Welfare

Attacks in Nice: talking with children


Difficult responsibility for parents: talk to children about what happened, with sensitivity and taking into account their need for reassurance. Since January 2015, Françoise Guérin, clinical psychologist, notes how much the attacks have echoes in his office, where she receives many children and parents. We asked him for advice.

This attack occurs in summer, at a time when families are sometimes disconnected from the news. Should we take the opportunity to spare this news to children?

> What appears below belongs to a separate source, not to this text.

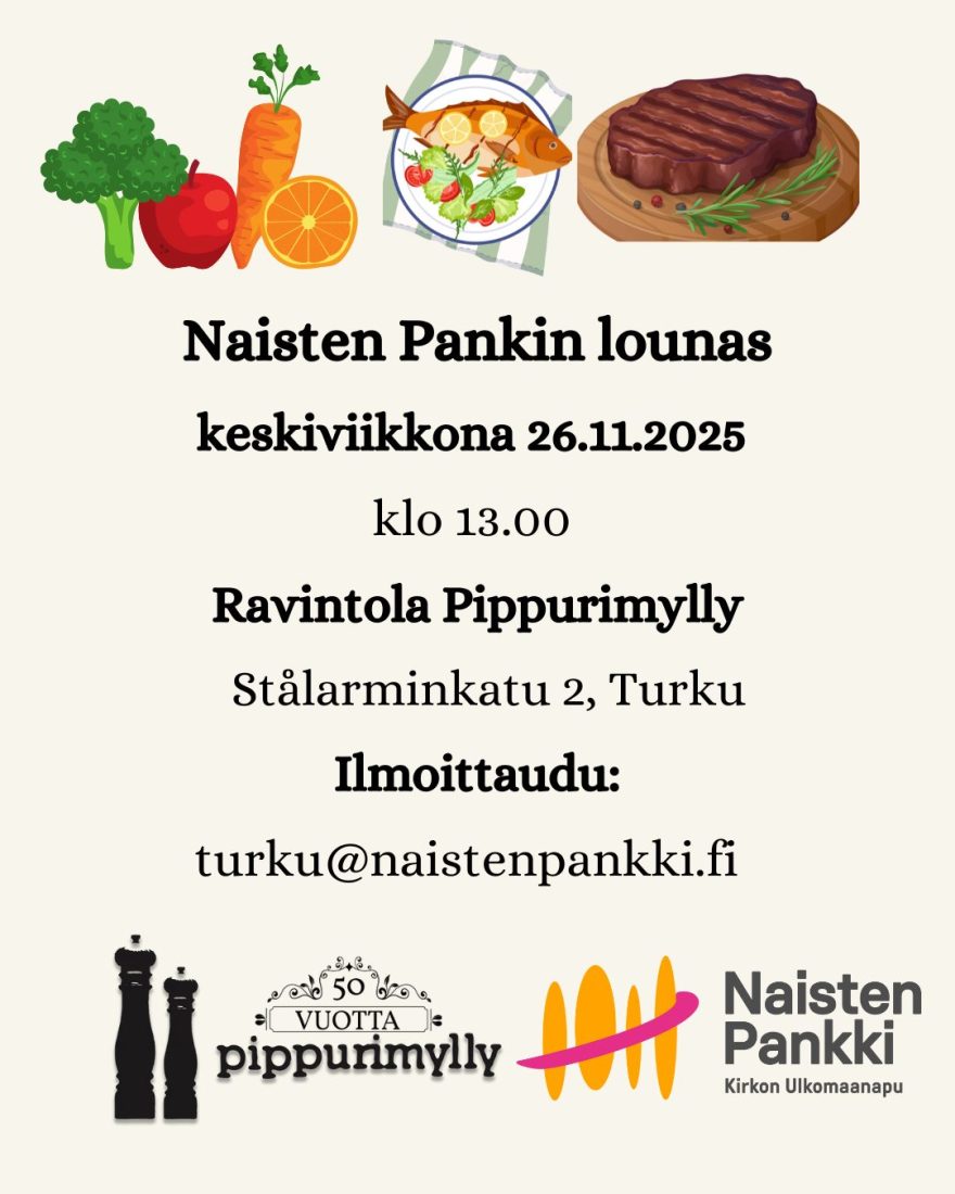 Tervetuloa Varsinais-Suomen/Turun Naisten Pankin lounaalle 26.11.2025 klo 13 Ravintola Pippurimyllyyn, Stålarminkatu 2, 20810 Turku.

  • It's a safe bet that kids will hear about it anyway: by catching a conversation on the beach, on a train, by the TV in a restaurant or by the radio in the car. Do not trust that they are looking elsewhere or continuing to play. It is often believed that a child hears better when he looks at the adult in the eyes: it is false. Faced with information difficult to apprehend for him, the child looks away, does something else, but he listens! It is in the nature of children to be curious and open to their environment. We must assume that they have grasped something of what happened.

What to say, then?

  • If they have been confronted by images on TV, or have heard a radio flash, it is better to talk about it immediately. Otherwise, let the questions come. We can start from what they understood, from what they saw, and try to make them say what they felt: it's scary, it makes you sad, it makes you angry ... If they do not do not have the ability to put words on their emotions, we can say, we, what we feel.
  • As much as a summary of the facts, and if possible, not to provide details they did not know. Because the children cling to the details ("There were children? They were how old? And the truck, it was what color? What was that brand? ...") and by these details, they identify. A very strong identification can be a factor of great anxiety. Saying the minimum and leaving the door open is a good strategy: "We can talk about it later, if you want."
  • Attention, some young children can "go into a spin" in endless questioning that translate their distress. The questions are linked without appeasement. In this case, we must allow ourselves to put an end to this "whirlwind" which causes anxiety to mount. "That's enough. Let's do something else ... "It is also important to repeat that there are no answers to everything.

The images are difficult to sustain ...

  • As much as possible, children should be spared exposure to images. In the field of news, the impact of images is far superior to that of speech. The images of the real (bodies of the victims, panic, wounded, blood, face of the aggressors ...) are impossible to treat: on the psychical plane, one does not know what to do with it, it is besides why they "snatch". The "too real" is a source of anxiety, it is important to reduce the crudity. In consultation, I received children who had seen too much. One of them, for example, saw in his nightmares the faces of the alleged killers of the Bataclan attacks.